If the two drafts diverge structurally, the template is leaving room for interpretation in some section. Find the section and tighten it. Repeat until two cold writers produce structurally similar drafts from the same brief.

The Wikipedia entry on content marketing has been edited by hundreds of contributors and stays internally consistent because the section structure is enforced. Your template is doing the same job at a smaller scale.
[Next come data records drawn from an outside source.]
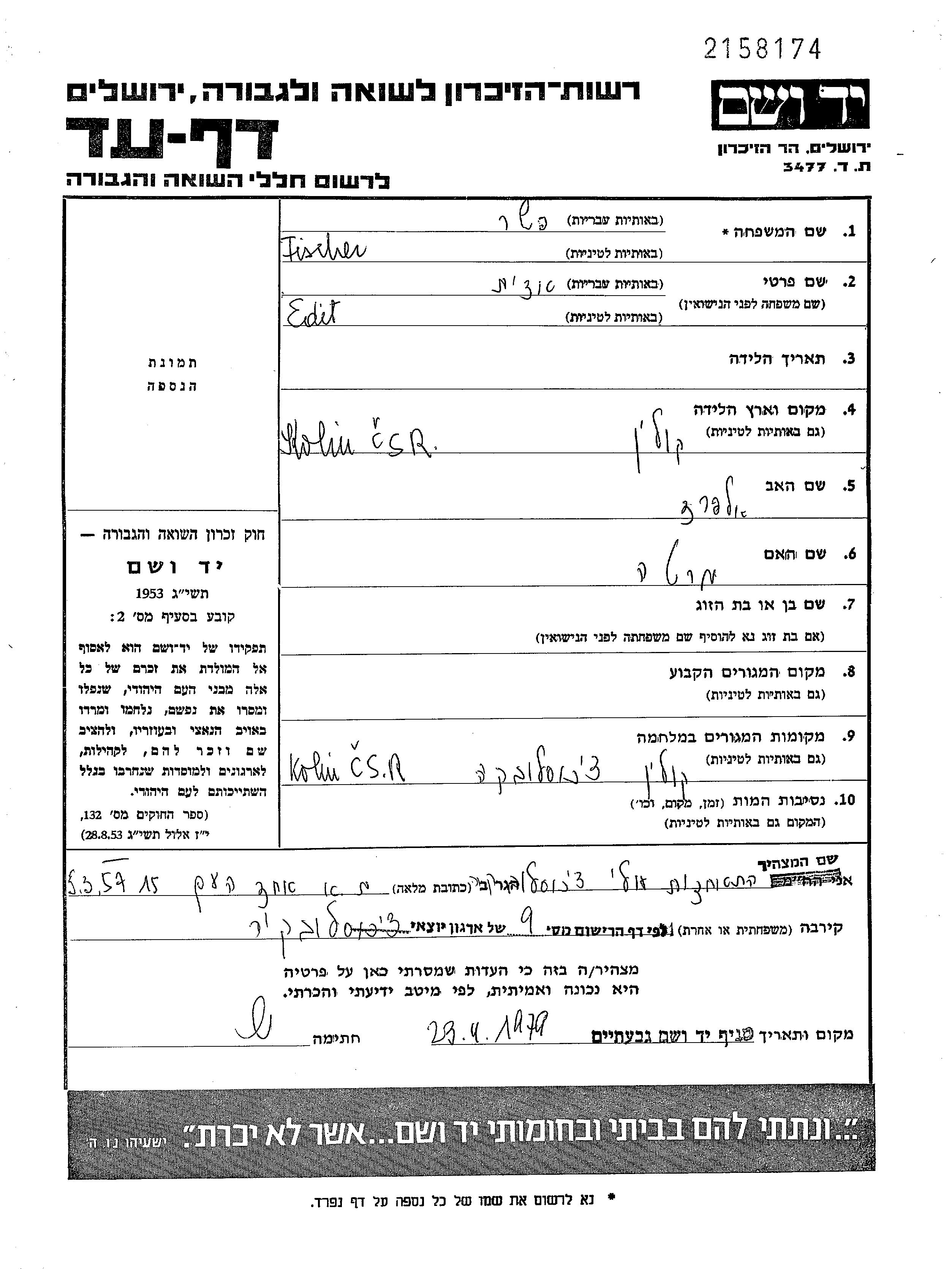 Fischer Edit Kolin, Czechoslovakia Page of Testimony
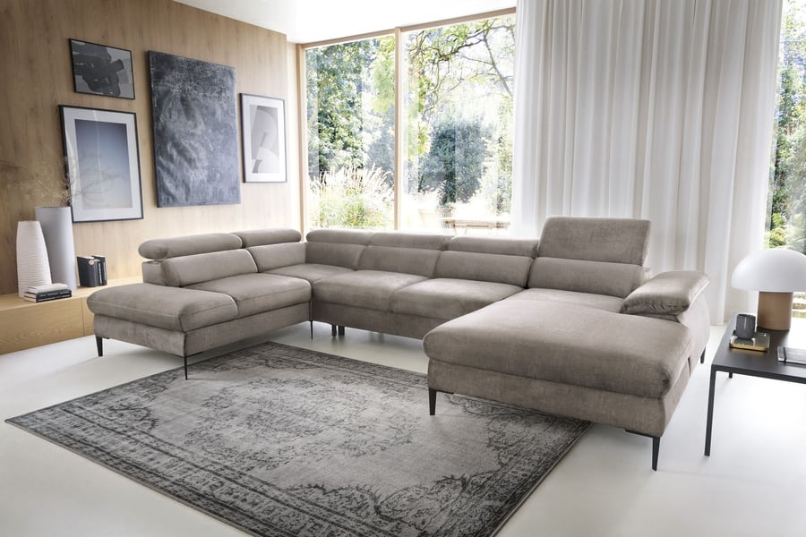 Crafted with a solid hardwood frame and supported by sturdy metal legs, the BELLUNO U-2 ensures stability and resilience for years of use. The high-resilience foam cushions and adjustable headrests provide exceptional comfort, adapting to your body for the ultimate relaxation. Upholstered in premium fabric, this sofa exudes sophistication and softness to the touch.
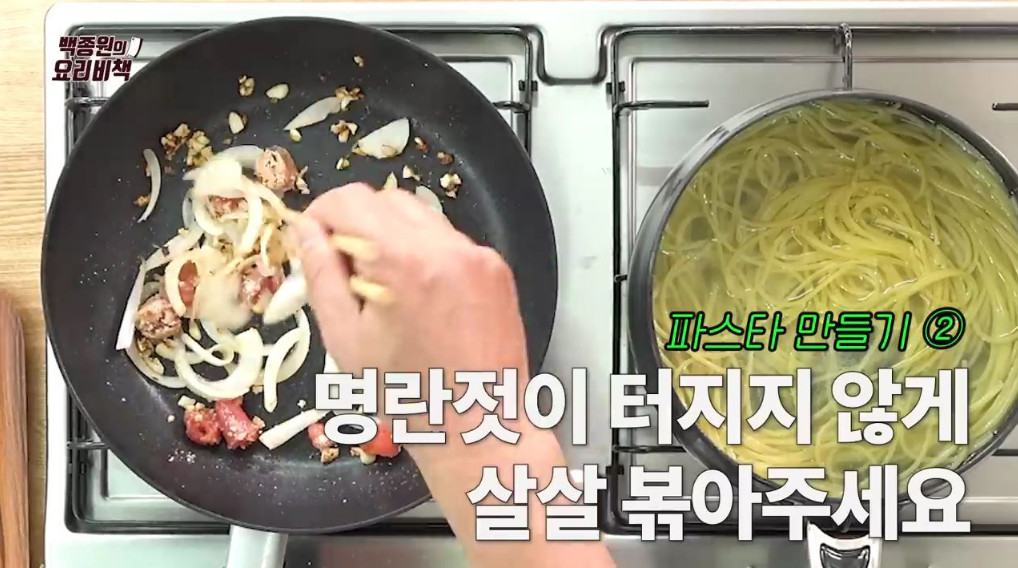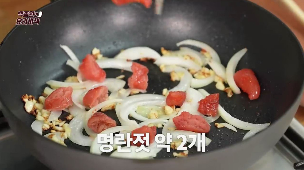 6. 마늘이 노릇하게 익으면 채 썰어둔 양파와 잘라둔 명란젓을 넣고 젓가락으로 살살 볶아주세요. 이때 명란젓이 터지지 않도록 조심하세요.
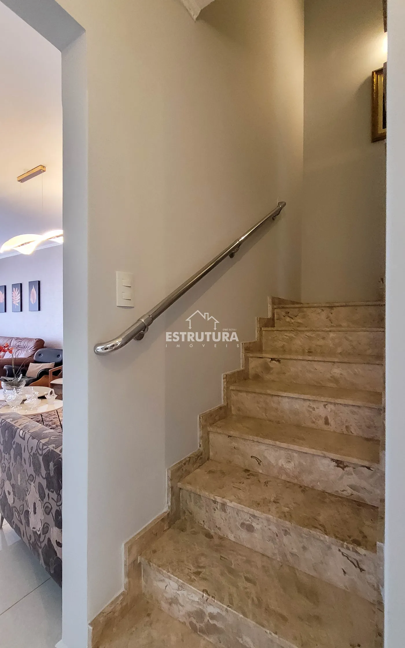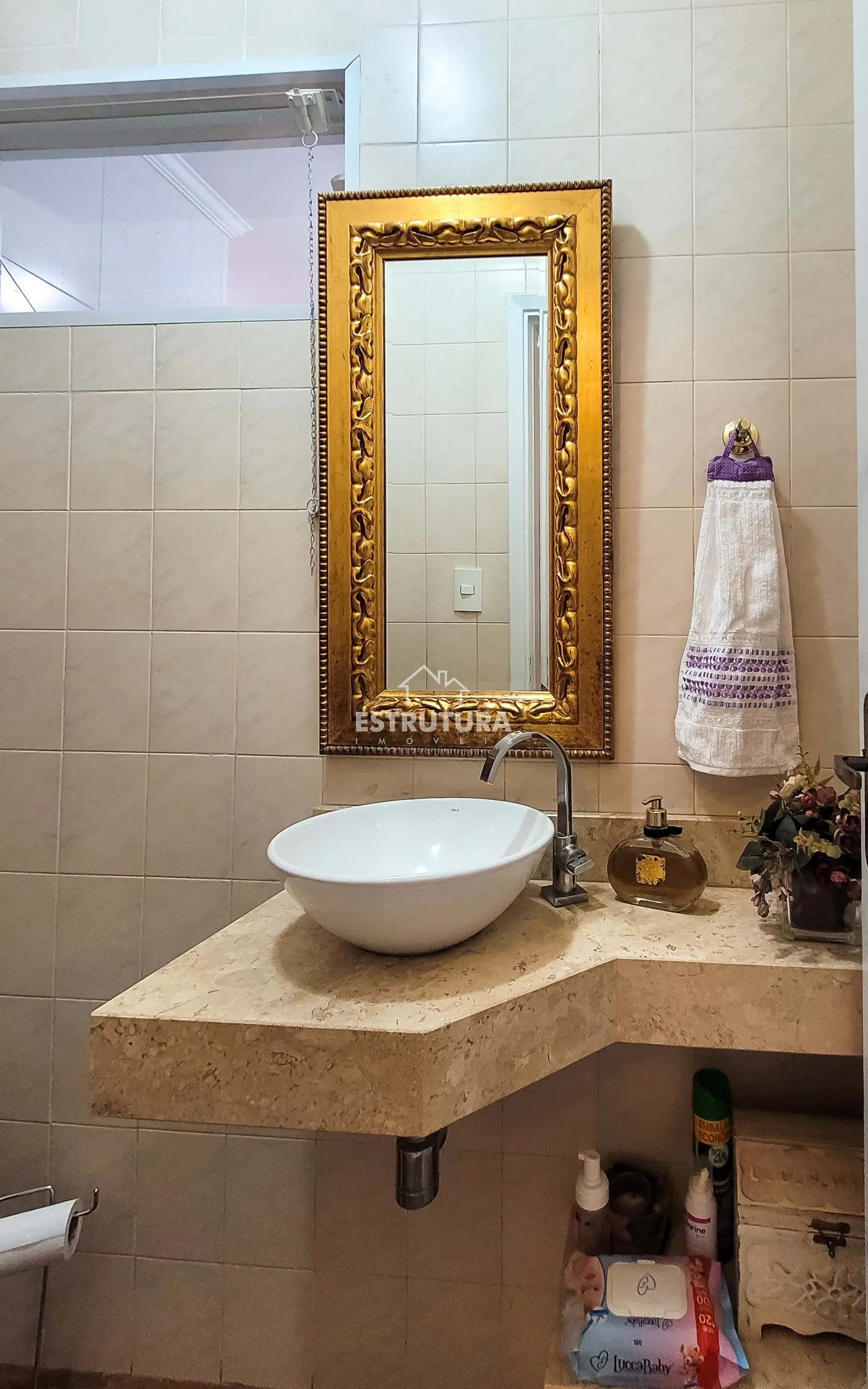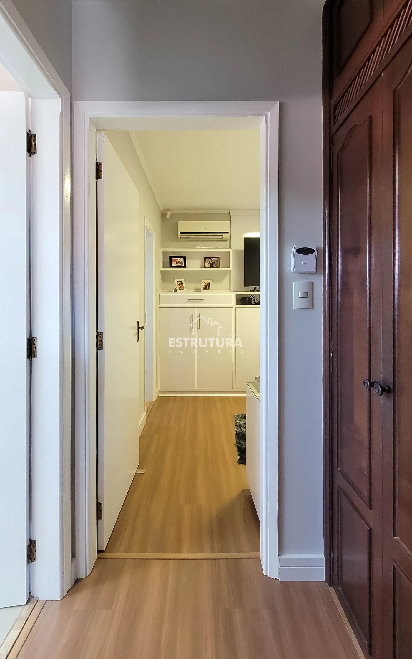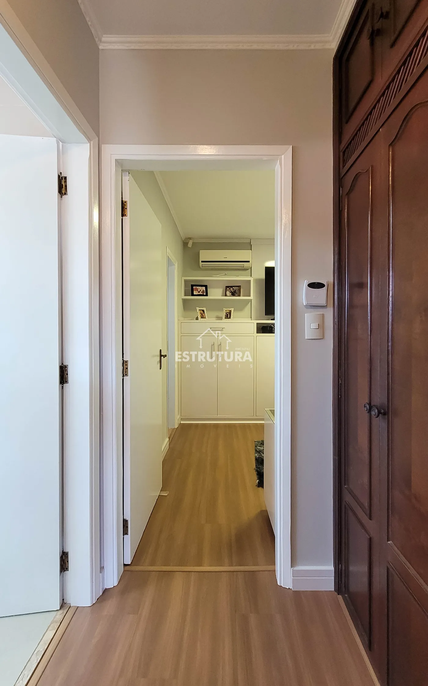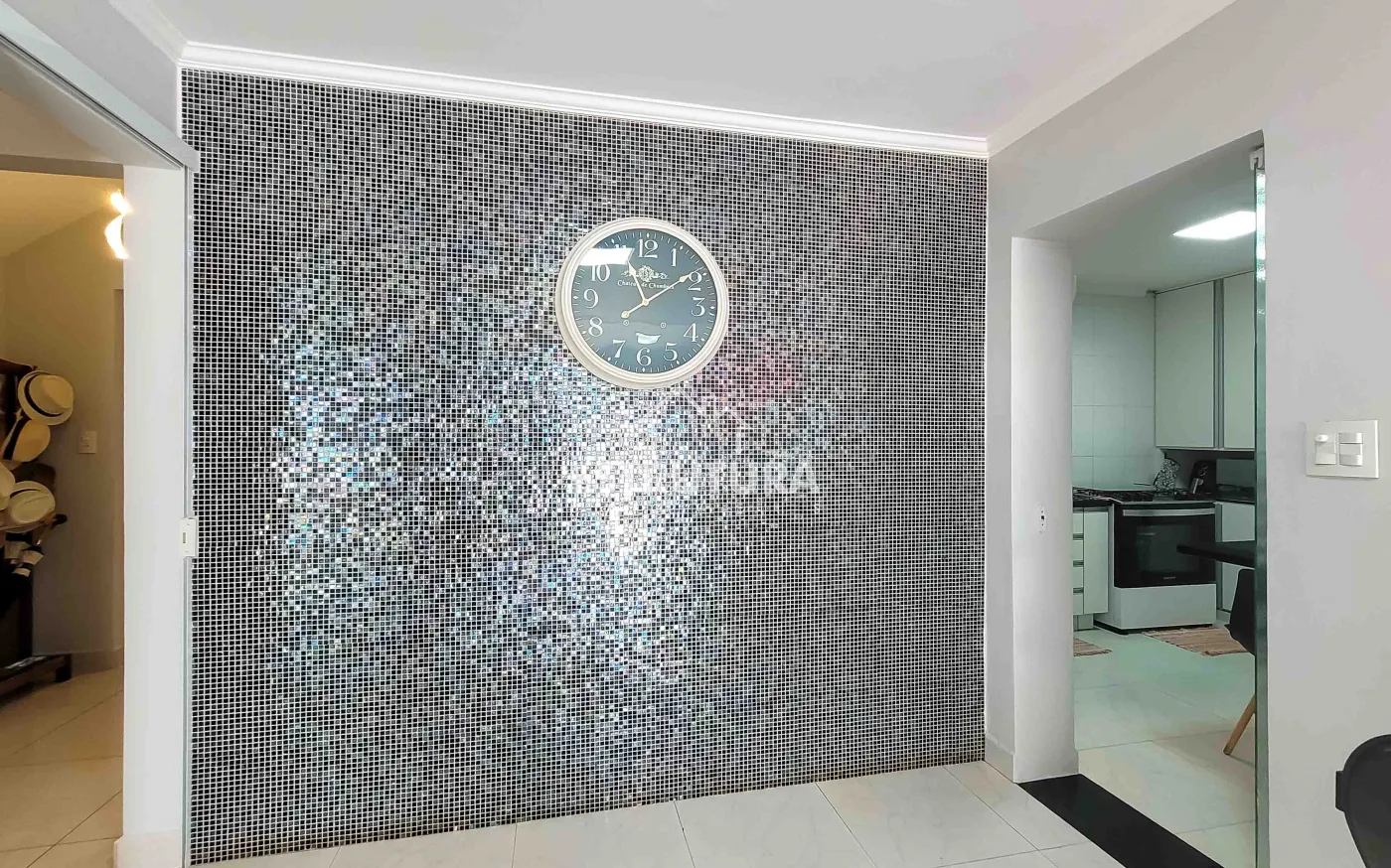 - Hall de entrada/escritório: decorado com papel de parede e lustre de cristal.
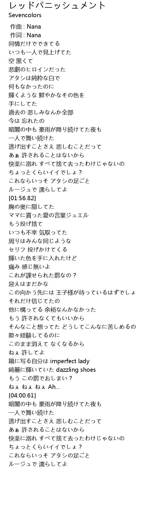 | [03:38.91] | 鏡に写る自分は imperfect lady |
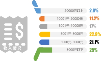 本次調研中,公司一般職員的比例最高,為27.7%,其次是學生,占比為18.3%。53.9%的受訪者其個人月收入超過5000元。

What the template is actually doing

The template is not making the writer better. It is removing the places where the writer has to invent structure. Invention is where drift happens. Strip those out and the brief survives across writers.

There is a longer guide on this with examples on the EvvyTools blog - it covers the underlying problem (where writers drift) which makes the seven steps above easier to internalize. The Content Marketing Institute also has a body of work on editorial workflows worth reading once you have your template piloted.

The template is a one-time setup with ongoing returns. Build it once, vet the source bank quarterly, run the two-writer pilot before deploying. Then briefs stop drifting and you stop rebuilding the same article five times.

Step 8: Version the template and review it quarterly

The template is not a one-time artifact. Audience changes. SEO standards change. Source URLs go stale. A template that was right in 2024 is not necessarily right in 2026.

Schedule a quarterly review. Look at the last twenty articles produced from the template. Mark the sections that were rewritten most often on the editorial pass. Those are the sections where the template is leaving room for interpretation. Tighten them in the next version.

Also audit the source bank. Pull every URL with a simple link checker, drop the dead ones, and refresh the topic tags as your content series expands. The Schema.org Article reference is unlikely to move, but other URLs do.

Version the template explicitly - v1.0, v1.1, v2.0 - so writers and editors know which version a brief was generated from. That makes it possible to attribute drift to a template revision rather than to a writer, which keeps the conversation about format instead of about discipline.

What the template earns you over a year

A team running ten briefs a week through a constraints-first template versus a loose one will see meaningful differences in editorial throughput by quarter two. Editorial pass time per article drops noticeably. Briefs themselves take fifteen minutes longer to write but save thirty to forty-five minutes per article on the edit.

Across a year, that is several hundred hours of editorial time recovered. The template is one of the highest-leverage one-time setups in a content operation.